Payment System Options Prescribed for Outpatient Care


HHS Secretary Donna E. Shalala has presented Congress with options for establishing a Medicare payment reform under which hospitals would be paid predetermined rates for outpatient services.

"This report, which had been requested by Congress, offers concepts for a system that would make hospitals more efficient and attentive to cost containment," Secretary Shalala said.

If Congress decides to establish a new payment system for hospital outpatient services, legislation would be required.

Medicare spending for those services has been growing at double-digit rates. Outlays in fiscal year 1994 amounted to $10.5 billion, more than double the amount spent seven years earlier.

The options presented would create groups of related medical procedures with similar costs, each group having a payment rate based on the national median cost for providing the services.

"Hospitals with costs running above the payment rates would have a strong incentive to become more efficient," Secretary Shalala said.

"The current system, based largely on hospital costs for treating Medicare beneficiaries in outpatient departments, does not offer much motivation for cost-effective operations," she said.

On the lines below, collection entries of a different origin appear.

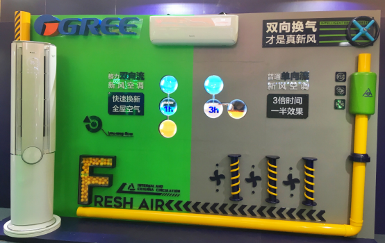“格力空氣G密所”展示的格力雙向流新風換氣技術則創(chuàng)新突破了行業(yè)技術瓶頸——它可以模擬人體呼吸方式,主動“呼”出室內(nèi)多余的CO2和含有甲醛的污濁空氣,同時“吸”入室外新風,通過“呼”與“吸”雙向渠道完成室內(nèi)空氣換新,打造清新呼吸環(huán)境。此外,格力新風空調(diào)還內(nèi)置了HEPA過濾網(wǎng),可以有效過濾掉室外新風中的PM2.5等顆粒污染物,進一步保證呼吸健康。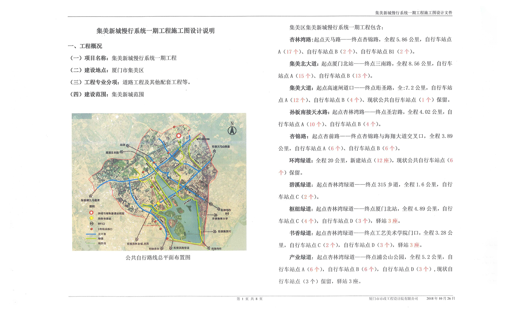 本项目位于厦门市集美区,总长约为64.5km,市政道路慢行道以现状道路为主局部进行修复和贯
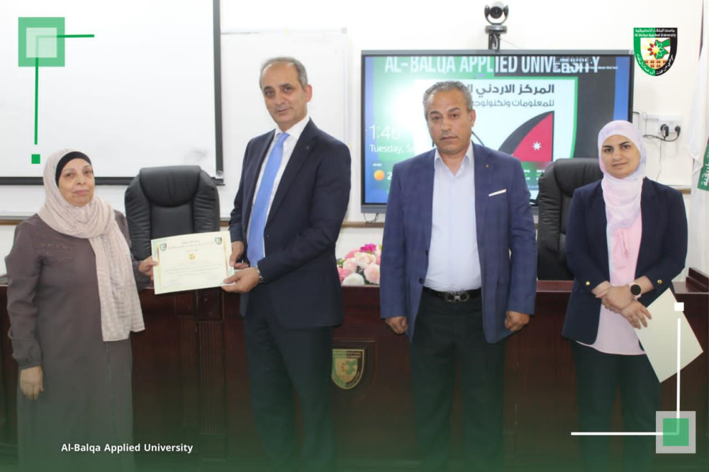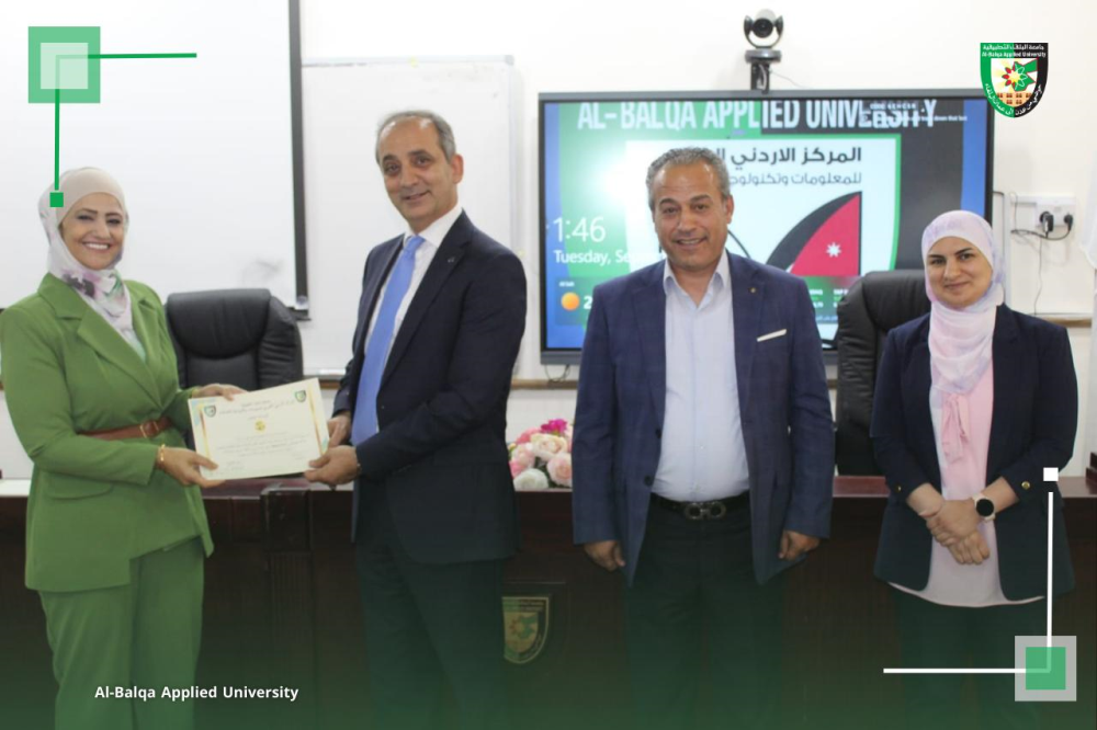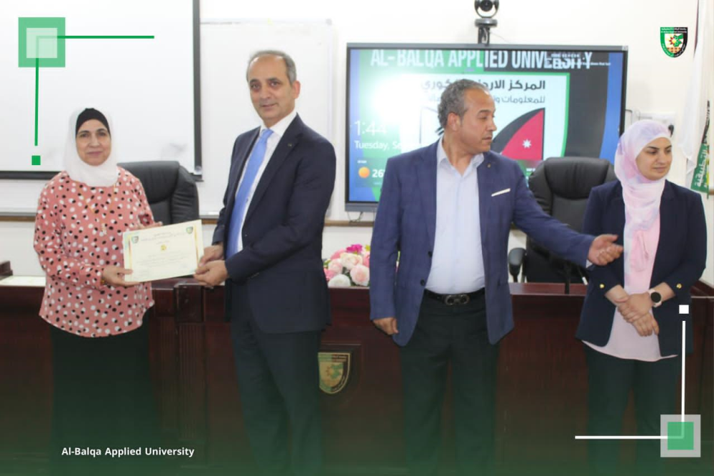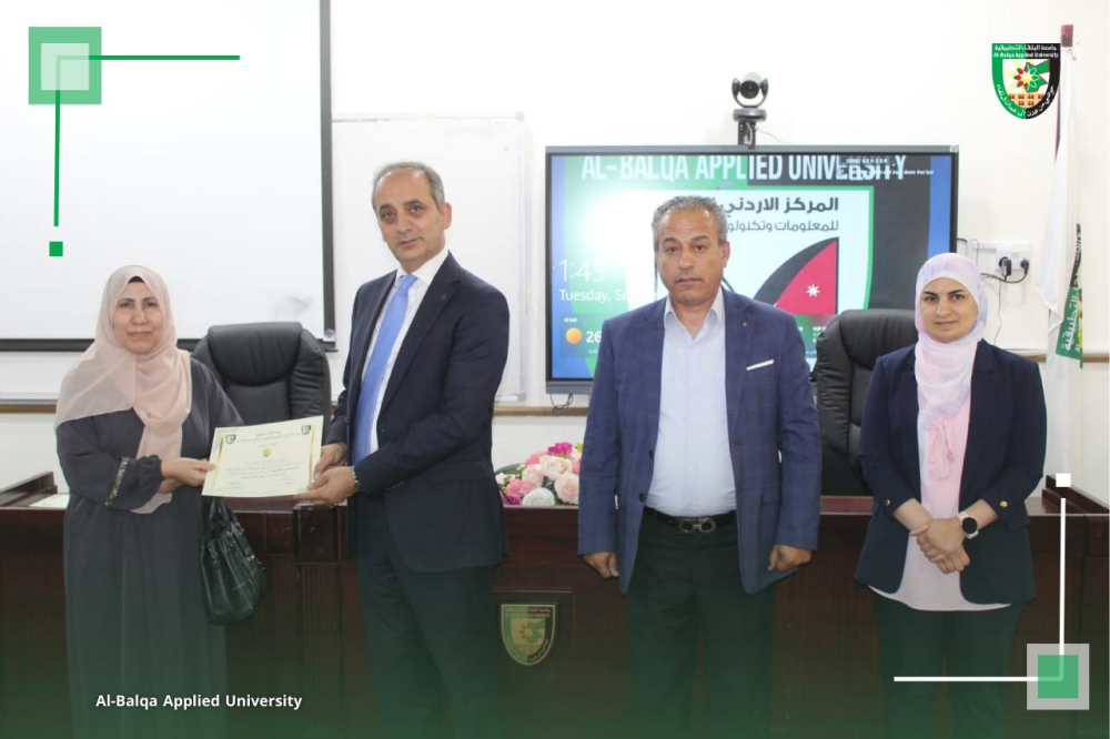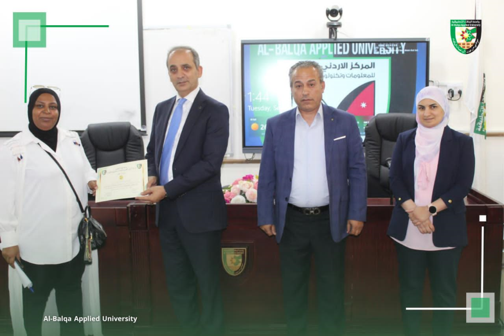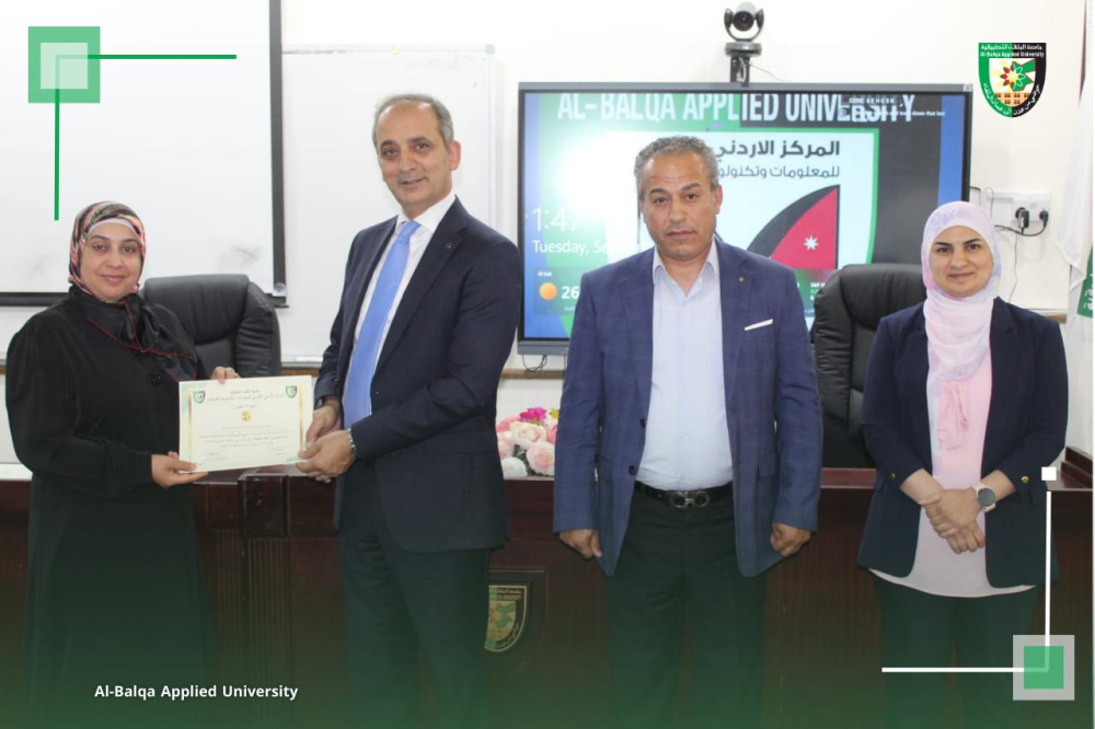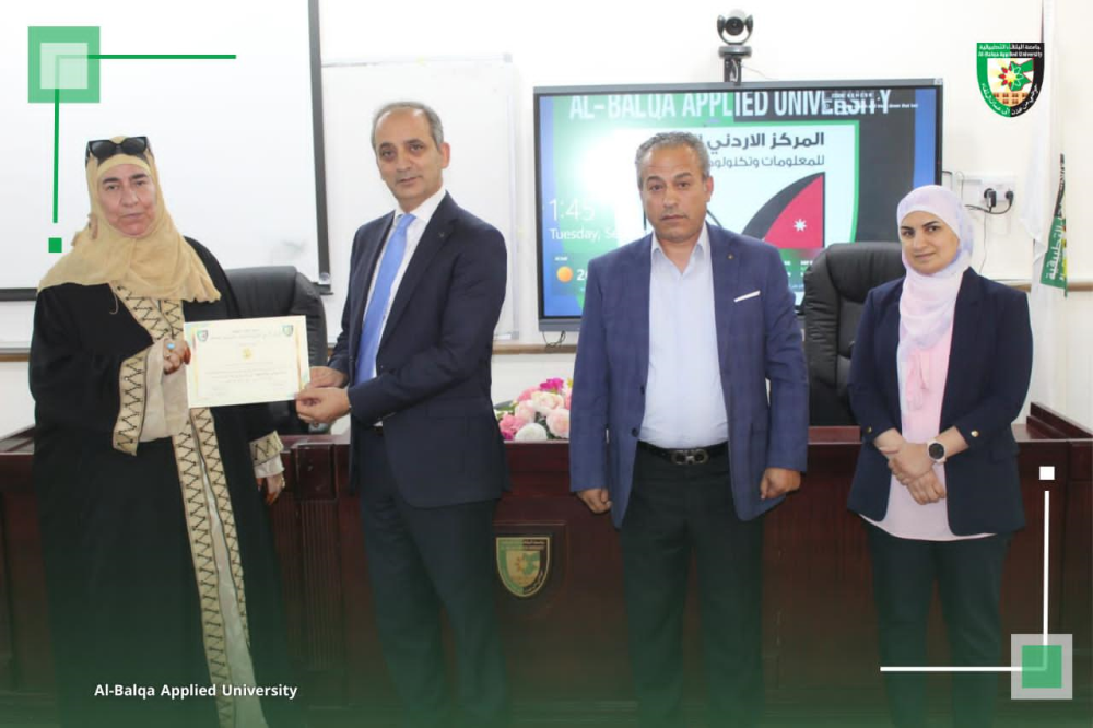 بتوجيهات من عطوفة الأستاذ الدكتور أحمد فخري العجلوني رئيس جامعة البلقاء التطبيقية، ,ومندوباً عنه الأستاذ الدكتور خالد ناصر الزعبي، عُقدت في المركز الأردني الكوري للمعلومات وتكنولوجيا الاتصالات بالتعاون مع وحدة التنمية وخدمة المجتمع المحلي ورشة تدريبية متخصصة بعنوان “التسويق الرقمي للمنتجات الصناعية وتعزيز الإنتاجية باستخدام الذكاء الاصطناعي”، والتي استهدفت سيدات المجتمع المحلي في محافظة البلقاء.

Bruce C. Vladeck, administrator of the Health Care Financing Administration, said the report suggested that changes be phased in. Prospective payment rates could first be established for groups of surgical and radiological services and other diagnostic procedures.

These account for almost half of hospital outpatient charges billed to Medicare. Other groups of outpatient services would be brought under the payment system as appropriate methodologies are developed and refined.

Vladeck described the current Medicare system of paying for hospital outpatient services as "excessively complicated and difficult to administer.

"Our goal is a more efficient system in which prospectively determined rates would be paid for providing quality outpatient care to Medicare beneficiaries," he said.

The payment for an outpatient procedure would cover facility services, but not physician services, for which payment is made under the Medicare physician fee schedule.

Research on the design of an outpatient prospective payment system started in the early 1980s. Legislation enacted in 1990 required the HHS secretary to submit a proposal for the outpatient system to Congress.

The Medicare prospective payment system for hospital inpatient care, which sets rates for diagnostic related groups, was established in 1983. The Medicare physician fee schedule was implemented in 1992.